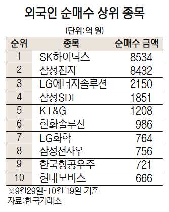 최근 외국인들의 매수세는 SK하이닉스(000660)(8534억 원)와 삼성전자(005930)(8434억 원) 등 반도체 대장주에 집중되고 있다. 특히 외인들은 SK하이닉스를 14거래일 연속 순매수했다.
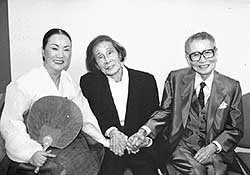 韩、日两国歌舞团的代表人士在日本横滨会晤,并关于两国的舞蹈进行了交谈。从左依此为:‘唱舞会’的金梅子,日本舞蹈‘浮土’创始人大野一雄,元老作曲家高木东六。
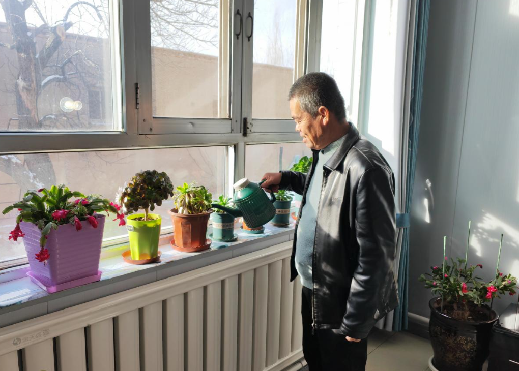宁夏灵武市崇兴镇中北村村民马金保今冬最爱干的一件事就是在家里养花。“以前冬天屋里冷,花不好养,现在每个房间都热乎,我养了20多盆!看着心情就好。”他拿着水壶一边给花浇水一边说。
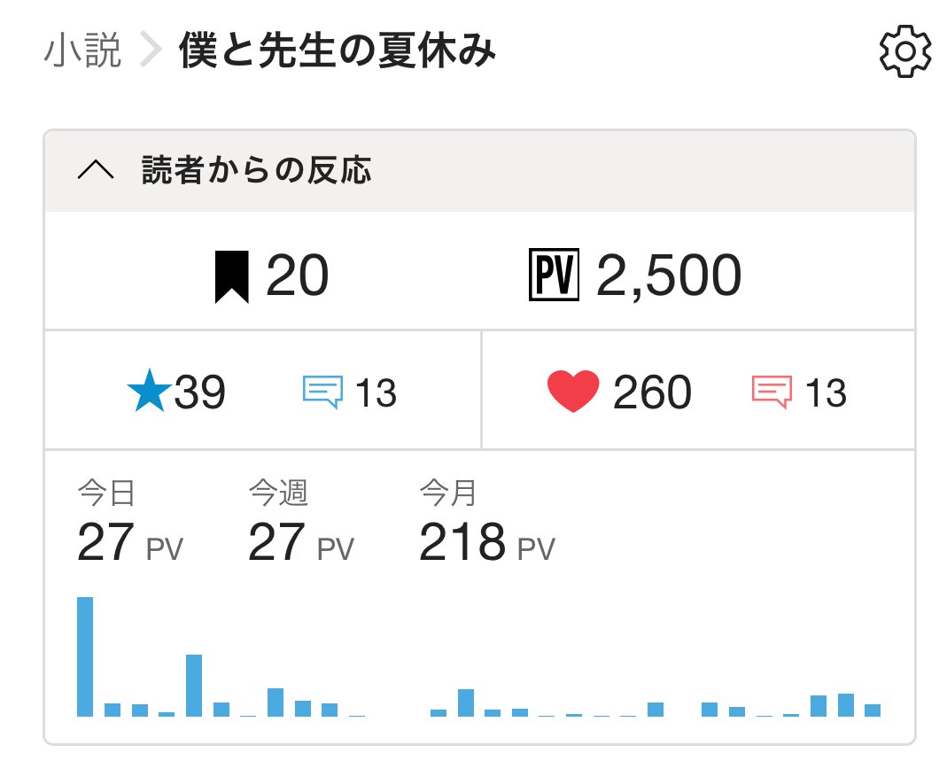 掲題の通り、「僕と先生の夏休み」のPVが2500を突破いたしました。
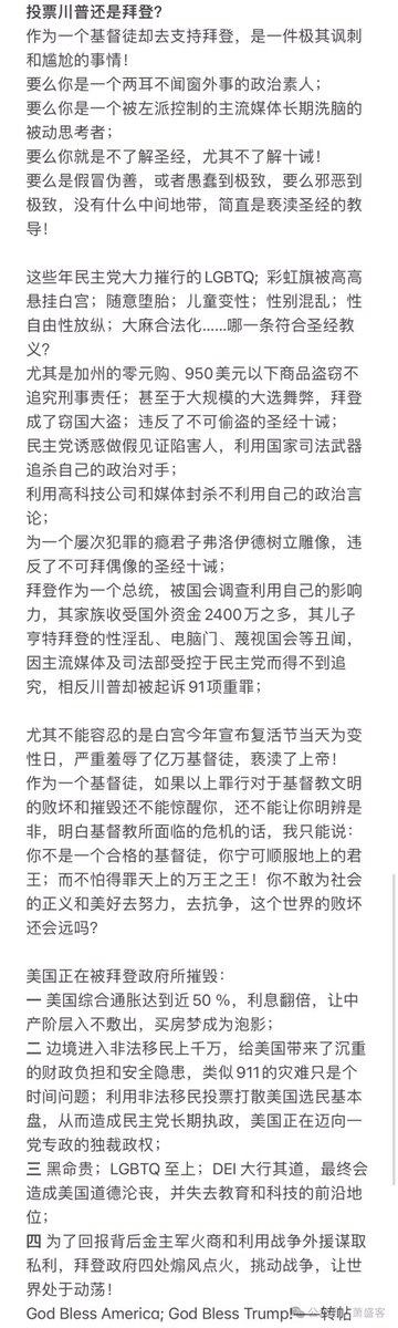 以前,我会说如果拜登赢得大选,对美国并不构成威胁。现在,我认为这是危险的。”
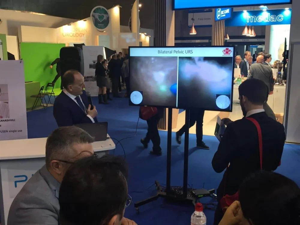 В настоящее время, по просьбе одного из главных спонсоров конгресса, который производит малоинвазивное оборудование для дробления камней, профессор Гурам Каразанашвили, как международный эксперт, представил европейским урологам современные технологии для дробления камней почки и мочеточника, произведённые ведущей китайской компанией, такие как одноразовые цифровые уретерореноскопы и лазер.
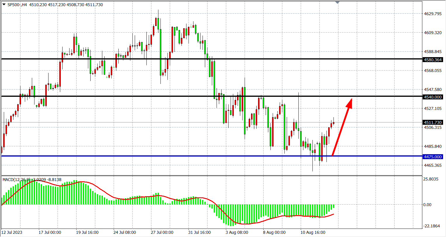4小时图看,标普围绕4500附近继续震荡,MACD量能在零轴下缩量,行情走势仍较疲弱,支撑关注4475附近,阻力关注4540附近。
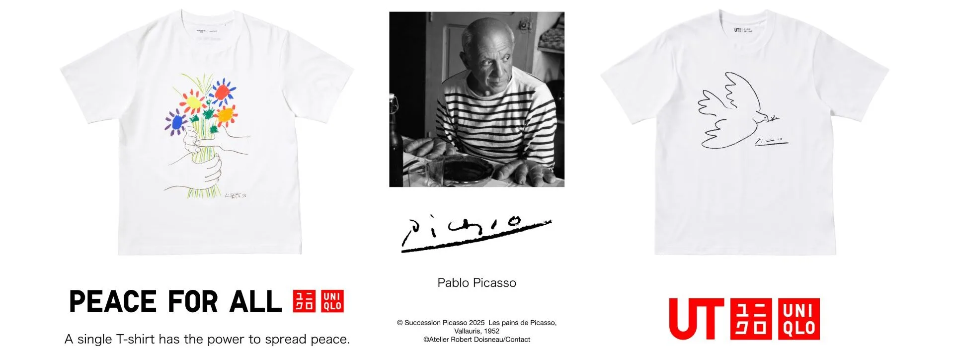 UNIQLO is teaming up with the legendary Pablo Picasso to launch a stunning collection of graphic tees this March! The collaboration features iconic works from the master of modern art, including the symbolic “Dove of Peace” and the powerful “Bouquet of Friendship.” These tees are not only a fashion statement but also a chance to support global peace, as all profits from the PEACE FOR ALL design go to humanitarian causes.
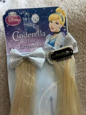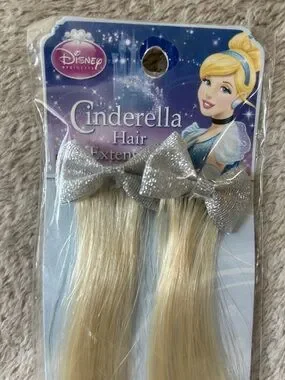 Cinderella Disney Clip-In Hair Blonde Extensions with Silver Bows-Brand New
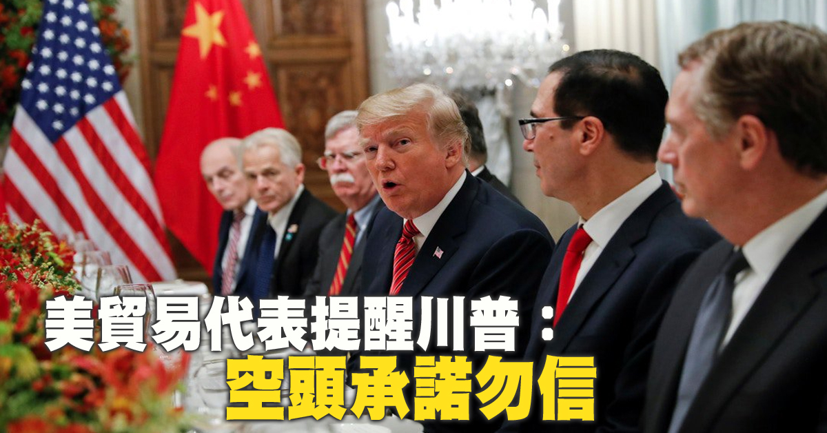 【新唐人亞太台 2019 年 01 月 05 日訊】歡迎回來。中美貿易戰90天緩衝期正一分一秒的倒數著。儘管去年川習會後,中方已經做出一些讓步,不過,在美中貿易方面有40年的經驗美國貿易代表萊特海澤提醒美國總統川普,不要接受「空頭承諾」。
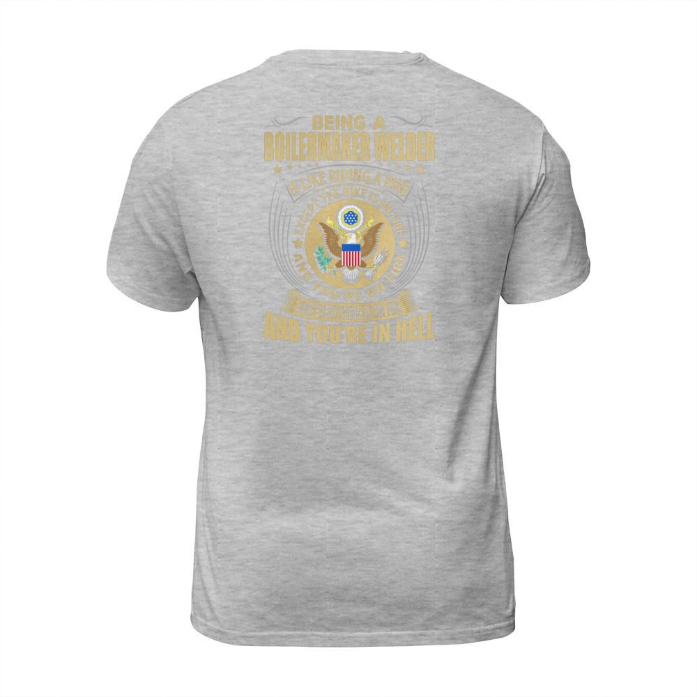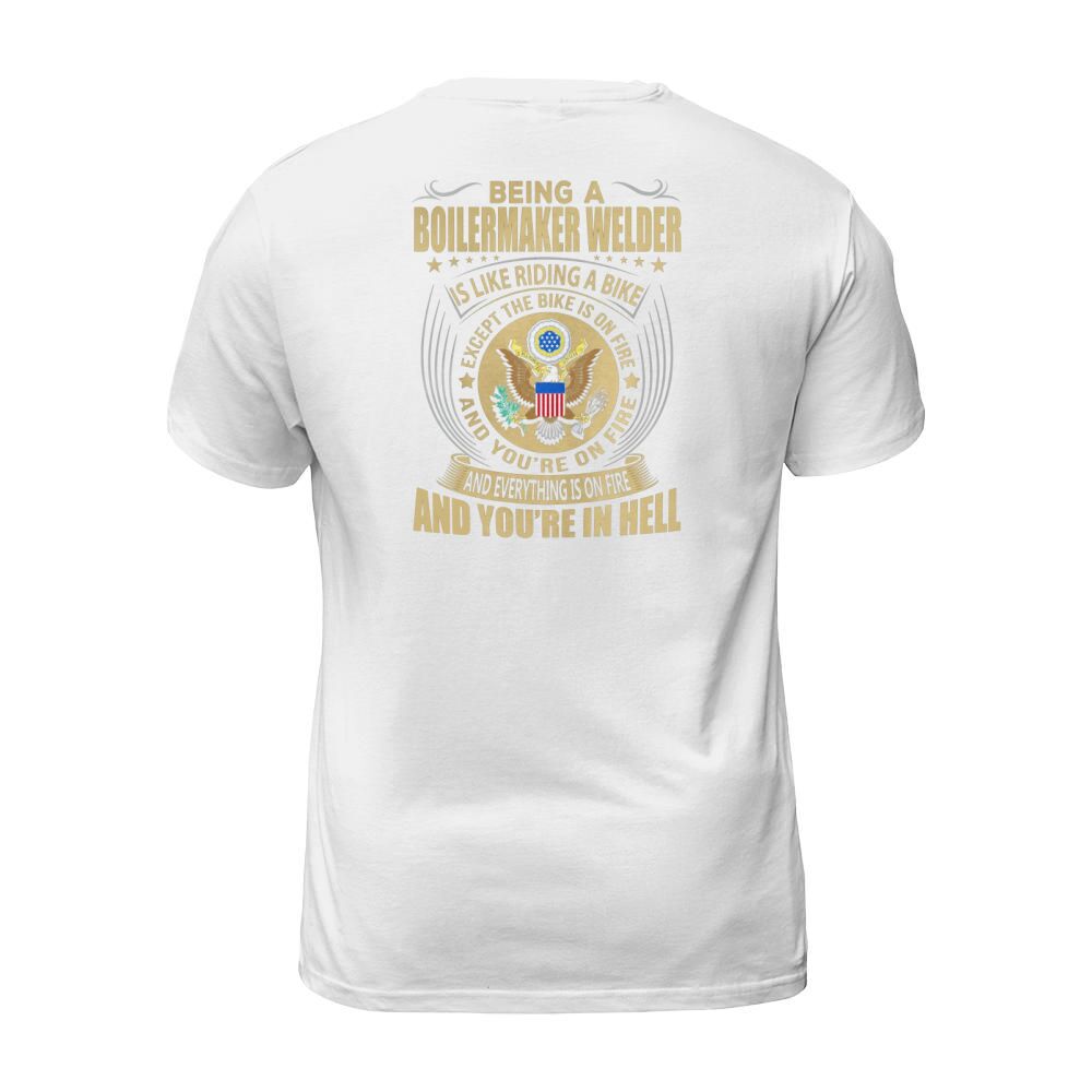 Shop Being a Boilermaker Welder like Riding a Bike Job Title Shirts T-Shirt Unisex custom made just for you. Available on many styles, sizes, and colors.
__________
§ Your objective: What's needed is a word-for-word retyping of the listing, minus its pictures.

§ Written answer:
 최근 외국인들의 매수세는 SK하이닉스(000660)(8534억 원)와 삼성전자(005930)(8434억 원) 등 반도체 대장주에 집중되고 있다. 특히 외인들은 SK하이닉스를 14거래일 연속 순매수했다.
 韩、日两国歌舞团的代表人士在日本横滨会晤,并关于两国的舞蹈进行了交谈。从左依此为:‘唱舞会’的金梅子,日本舞蹈‘浮土’创始人大野一雄,元老作曲家高木东六。
宁夏灵武市崇兴镇中北村村民马金保今冬最爱干的一件事就是在家里养花。“以前冬天屋里冷,花不好养,现在每个房间都热乎,我养了20多盆!看着心情就好。”他拿着水壶一边给花浇水一边说。
 掲題の通り、「僕と先生の夏休み」のPVが2500を突破いたしました。
 以前,我会说如果拜登赢得大选,对美国并不构成威胁。现在,我认为这是危险的。”
 В настоящее время, по просьбе одного из главных спонсоров конгресса, который производит малоинвазивное оборудование для дробления камней, профессор Гурам Каразанашвили, как международный эксперт, представил европейским урологам современные технологии для дробления камней почки и мочеточника, произведённые ведущей китайской компанией, такие как одноразовые цифровые уретерореноскопы и лазер.
4小时图看,标普围绕4500附近继续震荡,MACD量能在零轴下缩量,行情走势仍较疲弱,支撑关注4475附近,阻力关注4540附近。
 UNIQLO is teaming up with the legendary Pablo Picasso to launch a stunning collection of graphic tees this March! The collaboration features iconic works from the master of modern art, including the symbolic “Dove of Peace” and the powerful “Bouquet of Friendship.” These tees are not only a fashion statement but also a chance to support global peace, as all profits from the PEACE FOR ALL design go to humanitarian causes.
 Cinderella Disney Clip-In Hair Blonde Extensions with Silver Bows-Brand New
 【新唐人亞太台 2019 年 01 月 05 日訊】歡迎回來。中美貿易戰90天緩衝期正一分一秒的倒數著。儘管去年川習會後,中方已經做出一些讓步,不過,在美中貿易方面有40年的經驗美國貿易代表萊特海澤提醒美國總統川普,不要接受「空頭承諾」。
 Shop Being a Boilermaker Welder like Riding a Bike Job Title Shirts T-Shirt Unisex custom made just for you. Available on many styles, sizes, and colors.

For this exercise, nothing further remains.